Exercise directions:
Pictures are to be dropped from the copy. Retype the listing exactly.
*** Block opens ***
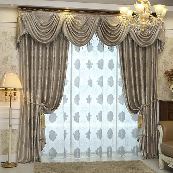 Mẫu rèm vải cửa phòng khách hoa văn tân cổ điển
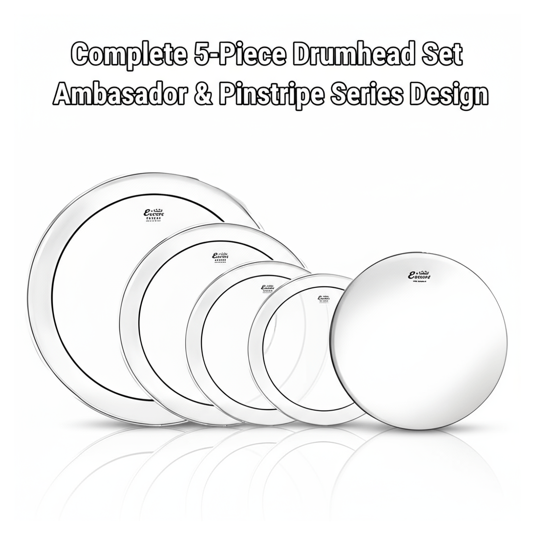 Remo EN-BA12-PP Encore Ambassador & Pinstripe Tom Drumheads 5 Pack
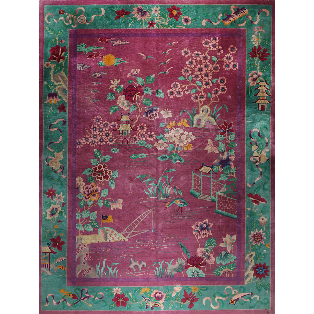 DescriptionChineseCarpets made in China proper. See entries Ningshia, Peking, Art Deco. Chinese - Art DecoAs the name implies, pieces woven between the wars for the Western market by mostly American owned firms especially Nichols and Fette, in thick heavy weaves using strong colors, asymmetric patterns and downplaying the Chinese-ness of the carpet. Nichols rugs are more strong toned than the pastel Fette. Most were woven in the coastal port city of Tientsin. Other lesser known workshops were also active. Some pieces are ultra-geometric and haute-Deco moderne in character: these are very rare. More frequent are pieces with bits of Chinese ornament: vases or other precious objects, paeonies, vines, fences, etc. Most common is the 9 x 12 size, in colors never found in mainstream Chinese rugs: backgrounds in black, mauve, purple, hot pink, orange, olive, employing the best synthetic chrome dyes of the period. Prices are still reasonable and carpets in top condition are available. | |
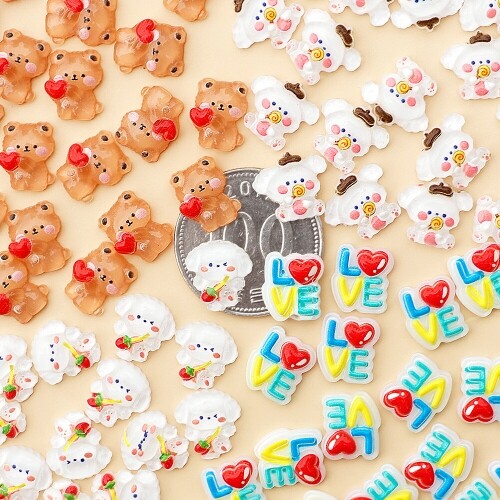 - 레진 아트 투명 러브 강아지 곰돌이 파츠 약 50개입
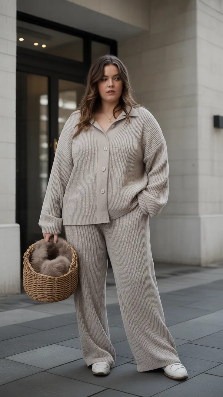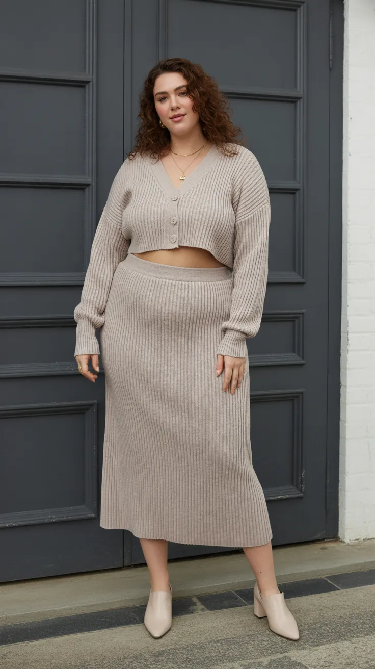 This knit set is a perfect blend of comfort and style. The cropped cardigan paired with a midi skirt creates a chic silhouette that flatters curvy figures. It’s a go-to option for casual plus size outfits that still feel polished and put together.
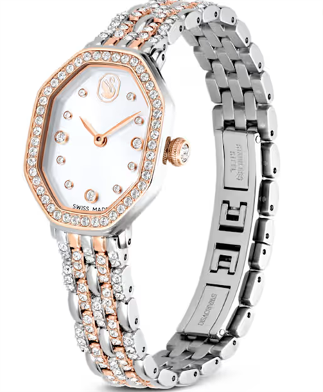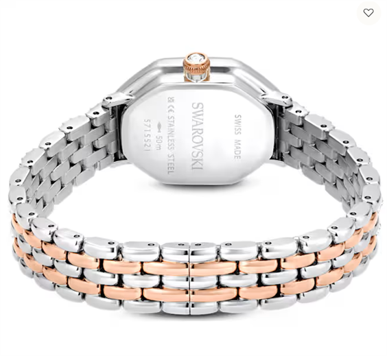 Ispirato all’intramontabile eleganza della famiglia Dextera, questo orologio 18 x 23 mm è realizzato in modo unico nell’iconica forma ottagonale di Swarovski. Combinando l’acciaio inossidabile e la finitura in tonalità oro rosa, il design presenta una lunetta con 46 cristalli montati a pavé e un ulteriore cristallo incastonato all’interno della corona. Il quadrante con motivo sunray include anche delicati indici in cristallo, oltre a sottili lancette e un logo cigno a ore 12. A completare questa radiosa creazione, il bracciale a cinque maglie è impreziosito da 108 cristalli Cry taglio Round, per una brillantezza infinita ad ogni ora. Questo orologio Swiss Made è resistente all’acqua fino a 50 metri. Articolo nr.: 5715521 Collezione: Dextera Dimensioni della cassa: 32 x 23 mm Spessore della cassa: 7 mm Lunghezza indossabile della fascia (minimo - massimo): 12.5 - 19 cm Larghezza della fascia: 1.1 cm Materiale: Cristalli, PVD oro rosa, Acciaio inossidabile Colore: Color argento Tipo di fermaglio: Chiusura a farfalla Materiale del cinturino: Metallo Prodotto in: Svizzera Meccanismo dell'orologio: Quarzo
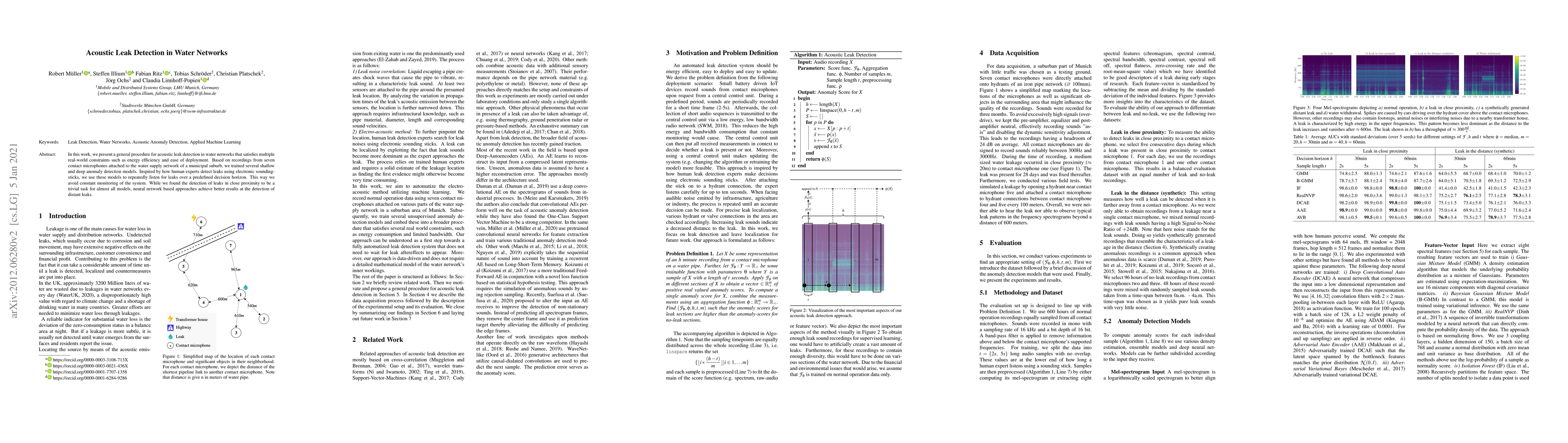 In this work, we present a general procedure for acoustic leak detection in water networks that satisfies multiple real-world constraints such as energy efficiency and ease of deployment. Based on recordings from seven contact microphones attached to the water supply network of a municipal suburb, we trained several shallow and deep anomaly detection models. Inspired by how human experts detect leaks using electronic sounding-sticks, we use these models to repeatedly listen for leaks over a predefined decision horizon. This way we avoid constant monitoring of the system. While we found the detection of leaks in close proximity to be a trivial task for almost all models, neural network based approaches achieve better results at the detection of distant leaks.
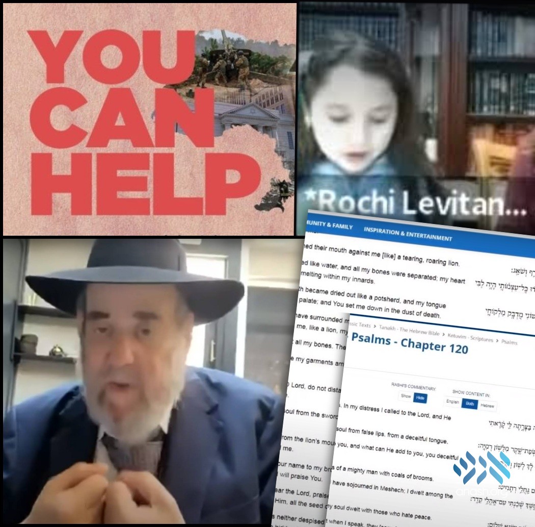 The incredible Emuna displayed by the women was highlighted by the singing and home art and crafts of a young eight-year-old Shlucha, Sterna Sara Levitanksy. She has used the song, about trust in Hashem and never being alone, to comfort herself as she hides in the bunker in her home, loud explosions shaking the house above. The striking image deeply moved the virtual crowd.
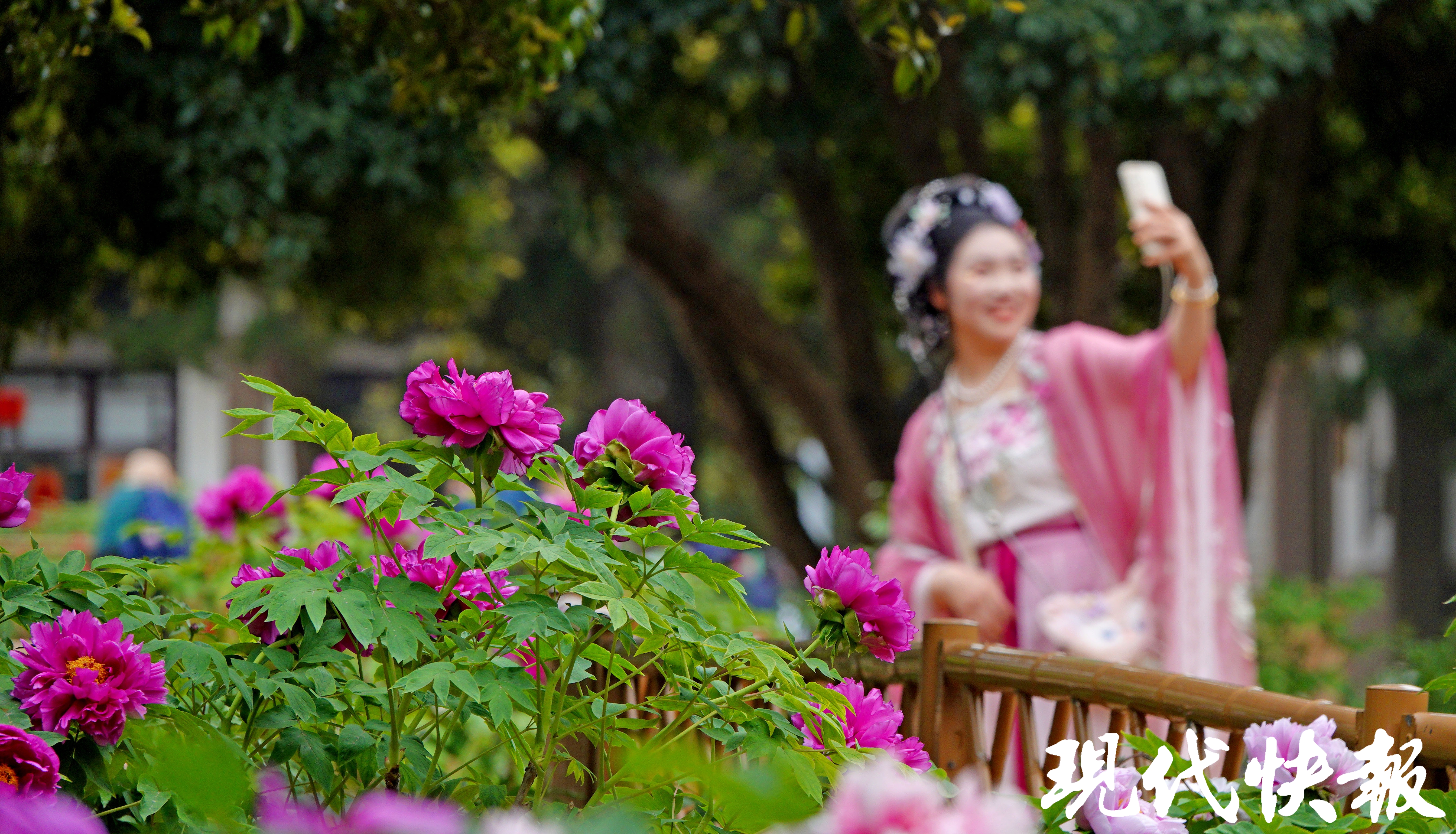 还有人特意穿上汉服前来打卡拍照,人与花相映成趣,在周围的仿古建筑中,沉浸式感受穿越时光的牡丹盛宴。
*** Block closes ***
Response:
 Mẫu rèm vải cửa phòng khách hoa văn tân cổ điển
 Remo EN-BA12-PP Encore Ambassador & Pinstripe Tom Drumheads 5 Pack
 DescriptionChineseCarpets made in China proper. See entries Ningshia, Peking, Art Deco. Chinese - Art DecoAs the name implies, pieces woven between the wars for the Western market by mostly American owned firms especially Nichols and Fette, in thick heavy weaves using strong colors, asymmetric patterns and downplaying the Chinese-ness of the carpet. Nichols rugs are more strong toned than the pastel Fette. Most were woven in the coastal port city of Tientsin. Other lesser known workshops were also active. Some pieces are ultra-geometric and haute-Deco moderne in character: these are very rare. More frequent are pieces with bits of Chinese ornament: vases or other precious objects, paeonies, vines, fences, etc. Most common is the 9 x 12 size, in colors never found in mainstream Chinese rugs: backgrounds in black, mauve, purple, hot pink, orange, olive, employing the best synthetic chrome dyes of the period. Prices are still reasonable and carpets in top condition are available. | |
 - 레진 아트 투명 러브 강아지 곰돌이 파츠 약 50개입
 This knit set is a perfect blend of comfort and style. The cropped cardigan paired with a midi skirt creates a chic silhouette that flatters curvy figures. It’s a go-to option for casual plus size outfits that still feel polished and put together.
 Ispirato all’intramontabile eleganza della famiglia Dextera, questo orologio 18 x 23 mm è realizzato in modo unico nell’iconica forma ottagonale di Swarovski. Combinando l’acciaio inossidabile e la finitura in tonalità oro rosa, il design presenta una lunetta con 46 cristalli montati a pavé e un ulteriore cristallo incastonato all’interno della corona. Il quadrante con motivo sunray include anche delicati indici in cristallo, oltre a sottili lancette e un logo cigno a ore 12. A completare questa radiosa creazione, il bracciale a cinque maglie è impreziosito da 108 cristalli Cry taglio Round, per una brillantezza infinita ad ogni ora. Questo orologio Swiss Made è resistente all’acqua fino a 50 metri. Articolo nr.: 5715521 Collezione: Dextera Dimensioni della cassa: 32 x 23 mm Spessore della cassa: 7 mm Lunghezza indossabile della fascia (minimo - massimo): 12.5 - 19 cm Larghezza della fascia: 1.1 cm Materiale: Cristalli, PVD oro rosa, Acciaio inossidabile Colore: Color argento Tipo di fermaglio: Chiusura a farfalla Materiale del cinturino: Metallo Prodotto in: Svizzera Meccanismo dell'orologio: Quarzo
 In this work, we present a general procedure for acoustic leak detection in water networks that satisfies multiple real-world constraints such as energy efficiency and ease of deployment. Based on recordings from seven contact microphones attached to the water supply network of a municipal suburb, we trained several shallow and deep anomaly detection models. Inspired by how human experts detect leaks using electronic sounding-sticks, we use these models to repeatedly listen for leaks over a predefined decision horizon. This way we avoid constant monitoring of the system. While we found the detection of leaks in close proximity to be a trivial task for almost all models, neural network based approaches achieve better results at the detection of distant leaks.
 The incredible Emuna displayed by the women was highlighted by the singing and home art and crafts of a young eight-year-old Shlucha, Sterna Sara Levitanksy. She has used the song, about trust in Hashem and never being alone, to comfort herself as she hides in the bunker in her home, loud explosions shaking the house above. The striking image deeply moved the virtual crowd.
 还有人特意穿上汉服前来打卡拍照,人与花相映成趣,在周围的仿古建筑中,沉浸式感受穿越时光的牡丹盛宴。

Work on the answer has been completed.